I want to thank everyone who commented and emailed yesterday. I'm so glad I have y'all as friends. I'm not embarrassed about being depressed, but it's certainly not the kind of thing that I advertise. People don't really seem to look at you the same once they think you are a few turnip sacks short of a full load. As a result, I never seem to be able to vent. I should have known I could count on all of you.
Depression is not new to me or my family. Thankfully, I do not get as severely depressed as the rest of them. I've never needed the happy pills before (although I am considering it now), and I have never been suicidal. My family (and I mean EVERYONE in my family) gets pretty crazy once in a while. A lot of them are on pills and it's not all that much of a surprise anymore to hear of a botched suicide attempt. It's pretty tiring, actually, but I'm glad most of them are so bad at it. So far, only my grandmother and a bottle of Tylenol 3 were successful (that was about 22 or so years ago).
Anyway, I'm not that bad. And I wouldn't let myself get that bad. If the worst part of my depression is a messy house and some pretty crappy feelings, I won't stress too much about that. But, it is hard to tell people in your life about it.
I've discussed it with my husband, but it tends to freak him out. Like a typical male, he wants to FIX things. Like I'm broken, or something. He immediately assumed that I was unhappy with my life, blamed himself, then started making plans to quit the army, move out west and be a cop (so I could be closer to my family). I told him HE was nuts. I don't want to move. I'm not unhappy.

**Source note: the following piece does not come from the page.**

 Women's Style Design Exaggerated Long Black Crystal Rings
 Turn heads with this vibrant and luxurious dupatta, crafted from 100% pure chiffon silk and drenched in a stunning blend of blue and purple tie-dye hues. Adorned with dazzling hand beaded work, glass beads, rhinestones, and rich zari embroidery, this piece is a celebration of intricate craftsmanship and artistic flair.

I think that's the hardest part to explain to the non-depressable people. There is a HUGE difference between sad and unhappy. They want to pin the sad feelings to something. Some event or person. They are just random feelings, though. The only difference is that once the depression is there, little events DO make you sad or angry when they normally wouldn't.

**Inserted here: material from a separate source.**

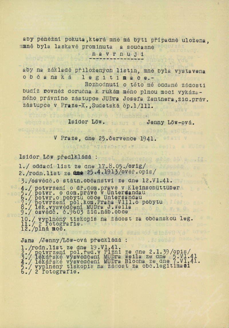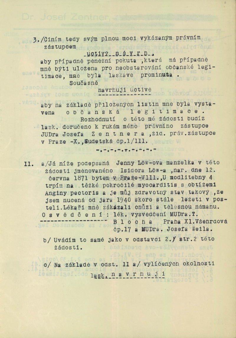 Löwová Evženie: Žádost o vydání občanské legitimace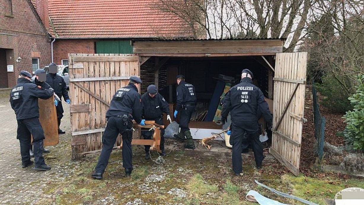 Durchsuchung: Die Polizei ermittelt auf dem Bauernhof in Hille. | © Stefanie Dullweber

For instance, we have no brakes on our van. I've already missed one shift and will have issues getting to work tonight. It's stressful. So I stayed in bed until almost noon.
Also, the dinosaur diorama was actually fun to make yesterday. It even has a few play-doh blobs that slightly resemble dinosaurs. And a volcano. And rocks. And, because five-year-olds always want to contribute their favorite play-doh masterpieces, the diorama has a few pre-historic play-doh snakes. And worms. And purple logs for the triceratops to eat. Unfortunately, I woke this morning (afternoon) to find that the pterodactyl has vanished. I strongly suspect the cat, since he was trying to play with it last night as it lay drying, but it could have been the dog, too. Lucky for both of them that I don't know who did it. Usually the thought of making a new play-doh dinosaur would perk me up. Not today. I don't really feel like it.
So, I guess I will spend the rest of the day trying to clean the kitchen and hoping I get a way to go to work.
Thanks again, everyone. Y'all are like my own little happy pills.